**EXERCISE PROMPT:** Line by line, repeat the material below exactly and skip the images.

**RECORDED DATA:**
+ + + + + + +

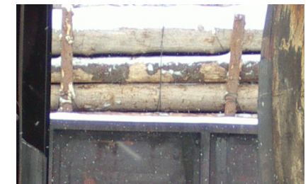
4 pav. Pagalbini spygliuočių mediena su spygliuočių medienos kroviniu

Pagalbinei medienai po tokios pat rūšies medienos kroviniu ISPM 15 reikalavimai netaikomi, o taikomi tokie pat reikalavimai kaip ir importuojamai medienai!
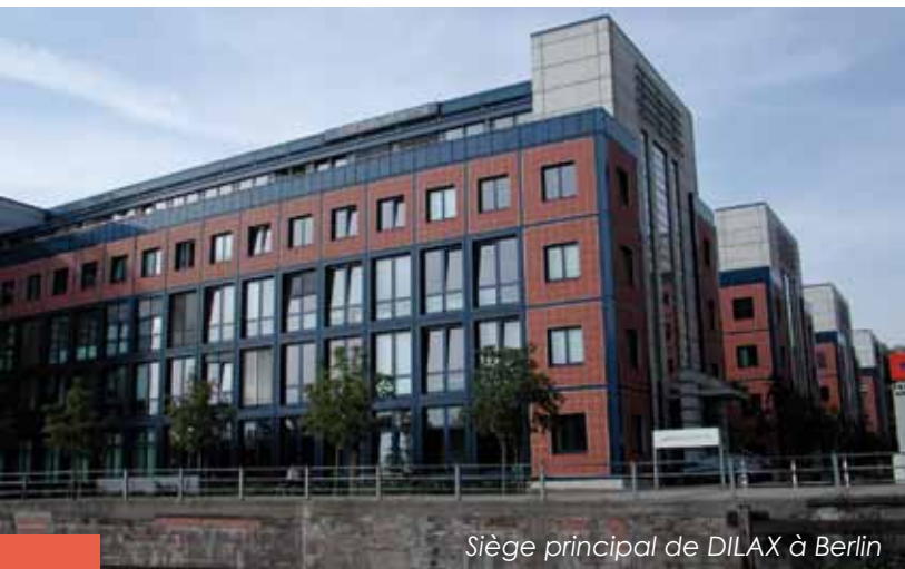
Siège principal de DILAX à Berlin

Le siège de l'entreprise se trouve à Berlin, en Allemagne. DILAX a également des filiales en Canada, en Espagne, en France, en Grande-Bretagne, en Italie, et en Suisse et emploie actuellement 70 personnes (chiffre de 2010). Deux tiers des employés sont des ingénieurs diplômés et des personnes qualifiées issues des secteurs les plus divers et qui se consacrent essentiellement au développement des équipements et logiciels, à la qualité, à la gestion de projet et à l'après-vente.

+ + + + + + +

**RESPONSE TO THE EXERCISE:**
4 pav. Pagalbini spygliuočių mediena su spygliuočių medienos kroviniu

Pagalbinei medienai po tokios pat rūšies medienos kroviniu ISPM 15 reikalavimai netaikomi, o taikomi tokie pat reikalavimai kaip ir importuojamai medienai!
Siège principal de DILAX à Berlin

Le siège de l'entreprise se trouve à Berlin, en Allemagne. DILAX a également des filiales en Canada, en Espagne, en France, en Grande-Bretagne, en Italie, et en Suisse et emploie actuellement 70 personnes (chiffre de 2010). Deux tiers des employés sont des ingénieurs diplômés et des personnes qualifiées issues des secteurs les plus divers et qui se consacrent essentiellement au développement des équipements et logiciels, à la qualité, à la gestion de projet et à l'après-vente.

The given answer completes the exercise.